Shadows keep falling on the prairie in my mind. Memories keep calling from the land I left behind. –from Wide Open Wyoming

Laramie, Wyoming springs up from the flat land in a blizzard of light, the low hills on one side, a scattering of houses clinging to the prairie on the other; railroad cars rumble across the pink-tinged horizon as the train whistle rolls into the uninterrupted distance of light and sky. This is the city of my childhood: a place of tumbleweeds and snowstorms, dusty cattle fairs and rodeos, Western shop fronts and ranchwear outfitters. I learned to drive on the road that passes the university campus, fast food restaurants, and the local grocery before opening out and east to Cheyenne.

In October 1998, near that same lonesome road outside Laramie, Matthew Shephard, a gay University of Wyoming student, was tied to a fence after being kidnapped and brutally beaten with a fist, a belt, and the butt of a gun. The perpetrators were Aaron McKinney and Russell Henderson, two local boys who left Matthew begging for his life.
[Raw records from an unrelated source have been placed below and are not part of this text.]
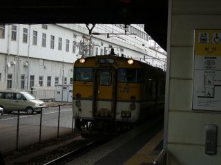 JR西日本のローカル版エース、キハ120形です。 この列車で約2時間かけて府中へ向かいます。 |
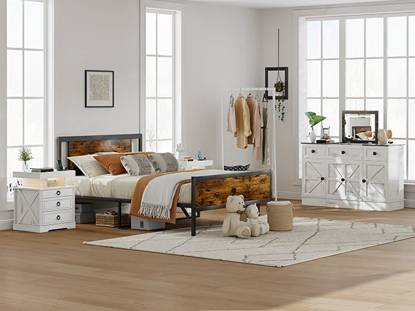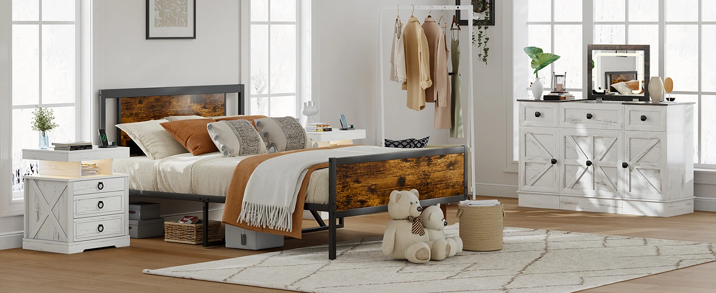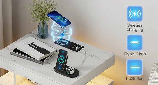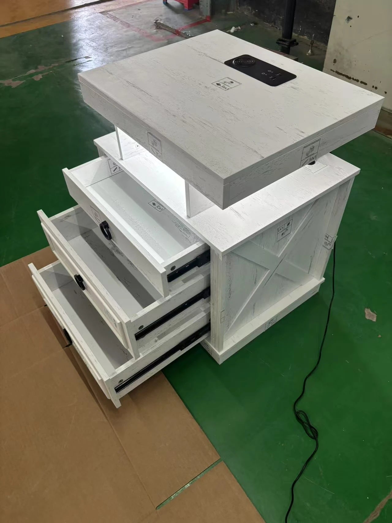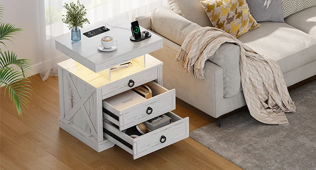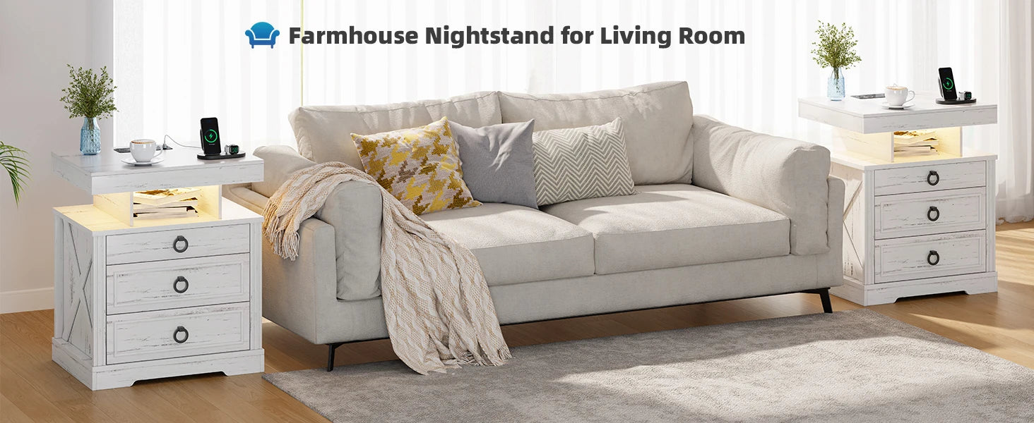 JDPAG Farmhouse Nightstand with Lockable Gun Drawer,3 Color Dimmable LED End Table with Charging Station,Bedside Table with Huma
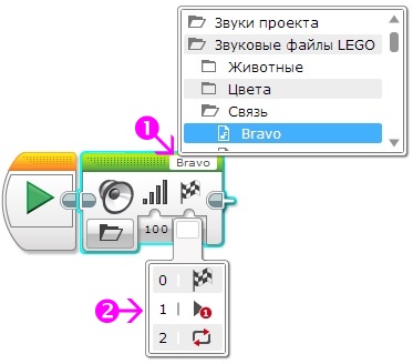 В режиме "Воспроизвести файл" вы можете выбрать один из звуковых файлов из библиотеки (Рис. 10 поз. 1), либо, подключив к компьютеру микрофон, с помощью Редактора звука ("Главное меню среды программирования" - "Инструменты" - "Редактор звука") записать собственный звуковой файл и включить его в проект.
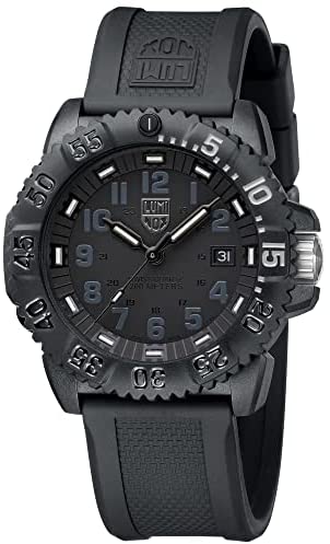 The 3051.GO.NSF military watch was designed in collaboration with the Navy SEAL Foundation (NSF) and bears their logo on the case back.In terms of color tone-on-tone, the monochrome Luminox logo on the dial catches the eye. The design of the Navy SEAL series impresses with its distinctive "turtle shape".Thanks to its protected crown and diver's bezel, it is also water-resistant up to 200 meters. The tried-and-tested Luminox lighting system also ensures that the time can be read easily in every situation, and without any additional energy supply.SPECIFICATIONSOrigin: Swiss Made Always Visible: Permanent glow for up to 25 years Case diameter: 44 mm Function: time / date Water resistance (meters, feet, ATM): 200/660/20 Movement Swiss Quartz Housing material : CARBONOX Bezel: unidirectional Caseback: 316L stainless steel screwed on Glass: Hardened mineral glass (550-650 Vickers) Crown: double seal and crown protection Strap: rubber Strap width: 23 mm Height: 14mm Weight: 64 g

Far away in a Boston apartment, I listened to the reports—hypothermia, a fractured skull, injuries likened to the effect of a car crashing at 80 MPH—and was stunned. As a Laramie native, was I among those who allowed this to happen? I felt a tension like a rope being tightened inside me. I did not want to claim that Laramie anymore.
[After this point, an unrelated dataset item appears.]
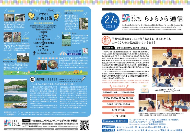 「つなカン」から皆さまへ、「つなカン」の活動や、町の魅力を「つなカン」目線でお届けする刊行物「ら♪ら♪ら通信」。第27号を8月9日より町内全戸配布しています。
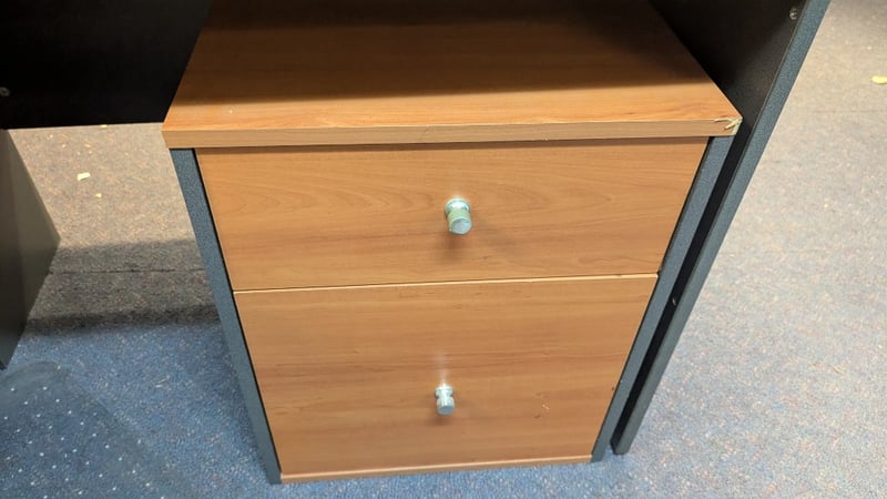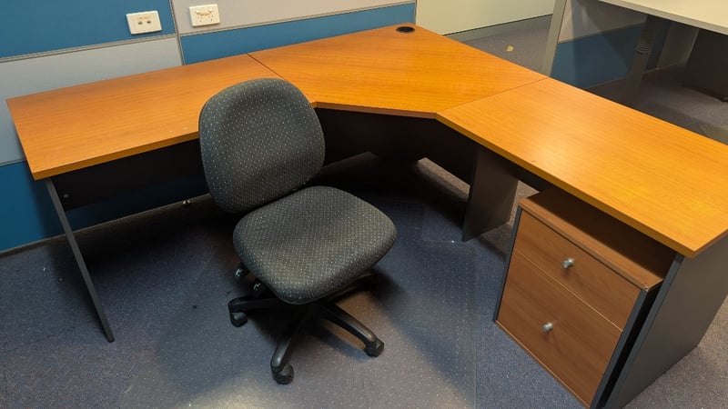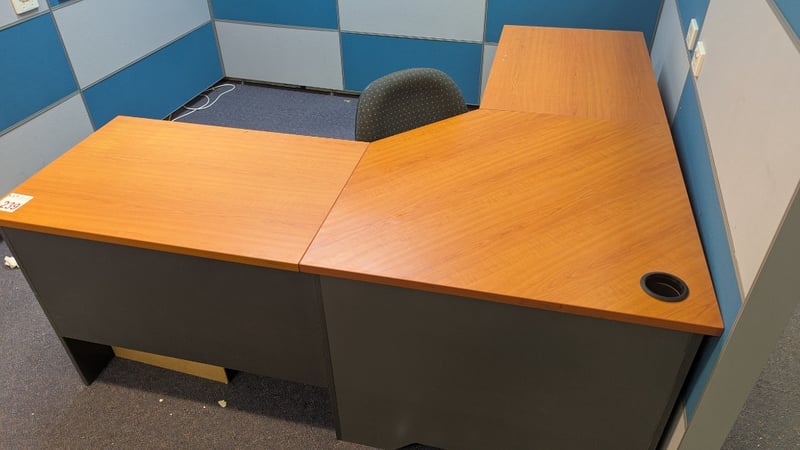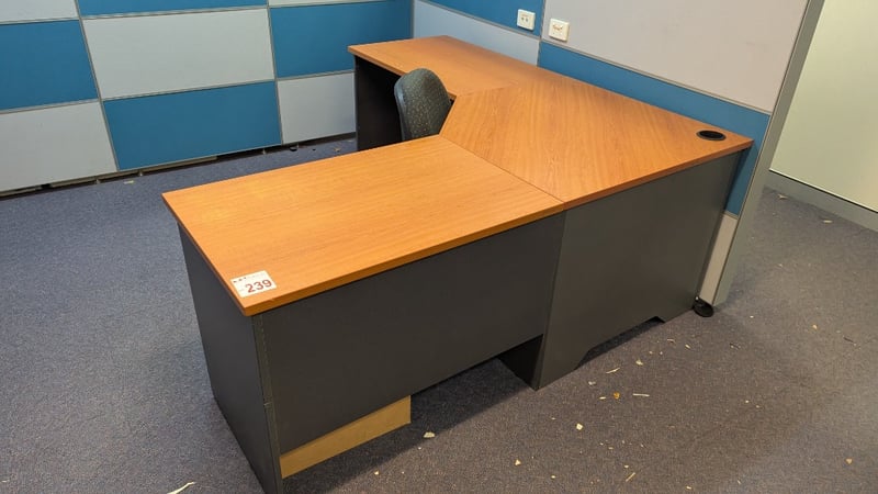 Corner Office Desk, 2 Drawer Unit, Swivel Chair, Dimensions 73cm(H)×180cm(W)×180cm(D), 56cm(H)×46cm(W)×43cm(D), Quantity 3Sold As Lot

But as the calls from Laramie friends poured in, I began to feel differently. I wanted to go home: to breathe the pine-scented air, to attend a vigil, to cast out the reporters, to comfort my friends, to chastize those with homophobic attitudes. To mourn. To blame. To hurt. And I also wanted to prove that I was not a product of a town that would allow such cruelty, such horror.

Matthew Shephard’s murder transformed Laramie from an idyllic city characterized by good people, wind, and open stretches of land into the geographical apex of a much larger cultural dialogue about the interrelationship of homophobia, sexual politics, race, class, tolerance, and diversity—issues at work beneath the surface simplicity of this town and others like it.
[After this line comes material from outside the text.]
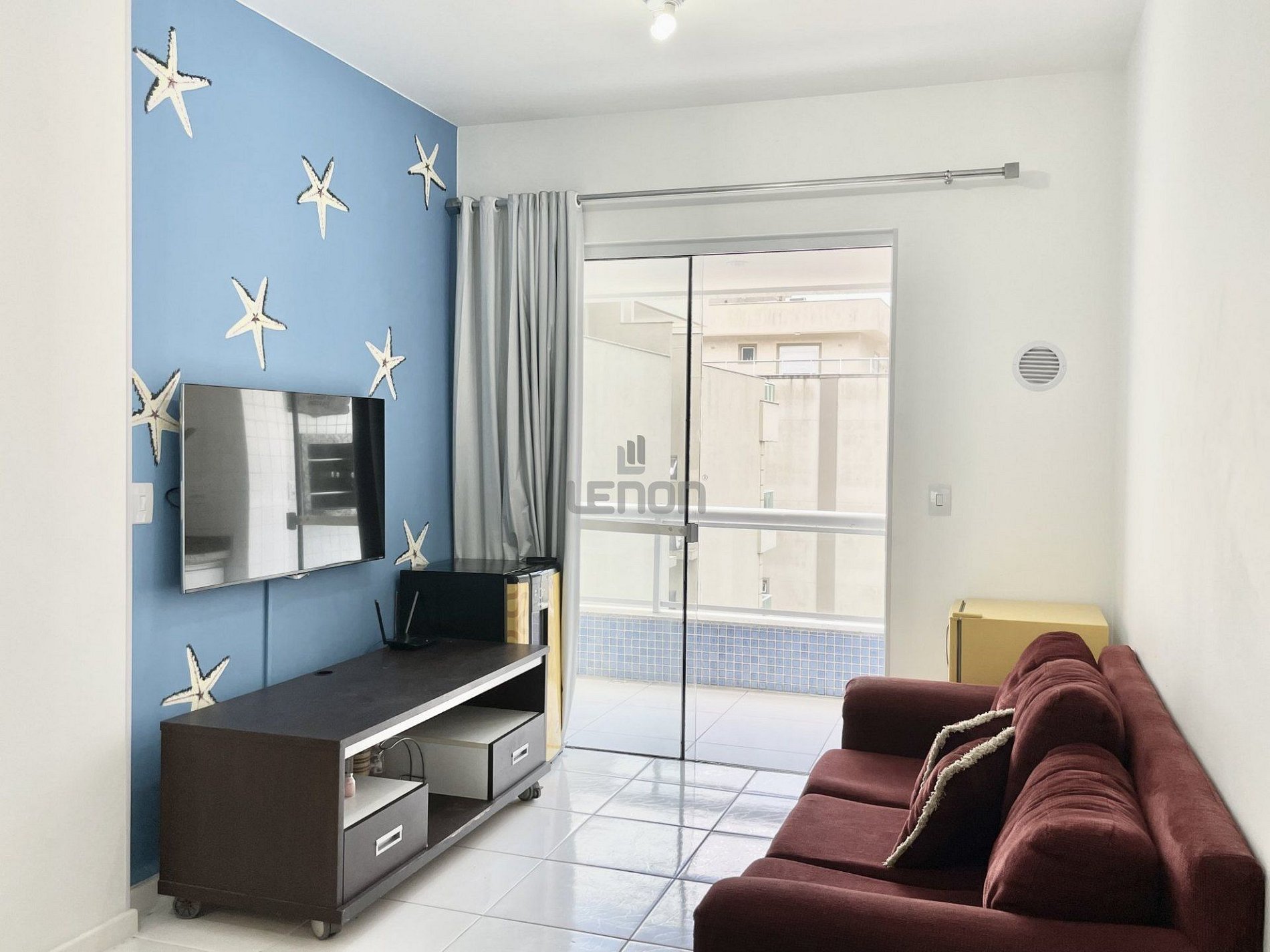 Sala de estar, sofá com 04 lugares, televisão e sacada

Digging beneath this surface is a delicate process of excavation and one that falls squarely within the project scope of the New York-based Tectonic Theater Project, a theater company that seeks to analyze current events while exploring theatrical language and form. Over a year-and-a-half-long period beginning in November 1998, Kaufman and nine company members made six trips to Laramie and conducted over 250 interviews, which were then edited and transcribed. Part oral history, part docudrama, The Laramie Project paints a complex, if incomplete, portrait of a town and its struggle to wrest order from chaos. Off-Broadway critical acclaim followed the play?s 2000 debut in Denver, and The Houston Chronicle recently praised the “earnest and affecting premiere” by Stages Repertory Theatre/Unhinged Produc-tions. The play makes its Austin debut at the Zachary Scott Theater February 21-April 7.

A three-act episodic narrative, the edited interviews are arranged as “moments” or snapshots that give the reader a sense of being dropped into the midst of a vivid, unattractive, and very human mess in the months immediately following Matthew’s death: blame is still being assigned, the how and why questions examined to their breaking point. These are raw stories from a town just beginning to heal and recover from trauma (“shit happens and it happens in Laramie”). The process, then, is one very clearly on the edge—of emotions, of loyalties, of dramatic shifts in thought and conviction—and thus lends itself well to the re-telling of Shephard’s murder when more traditional methods of storytelling may have failed. The play’s structure allows insightful observations about Laramie residents without lapsing into easy stereotypes—rednecks riding mechanical bulls or buffalo casually chewing away at brush on the side of the interstate—images so often associated with Wyoming and the mythic Wild West that they have come to stand for it. The play pokes fun at these stereotypes in well-spaced moments of humor greatly needed in a work of such emotional gravity.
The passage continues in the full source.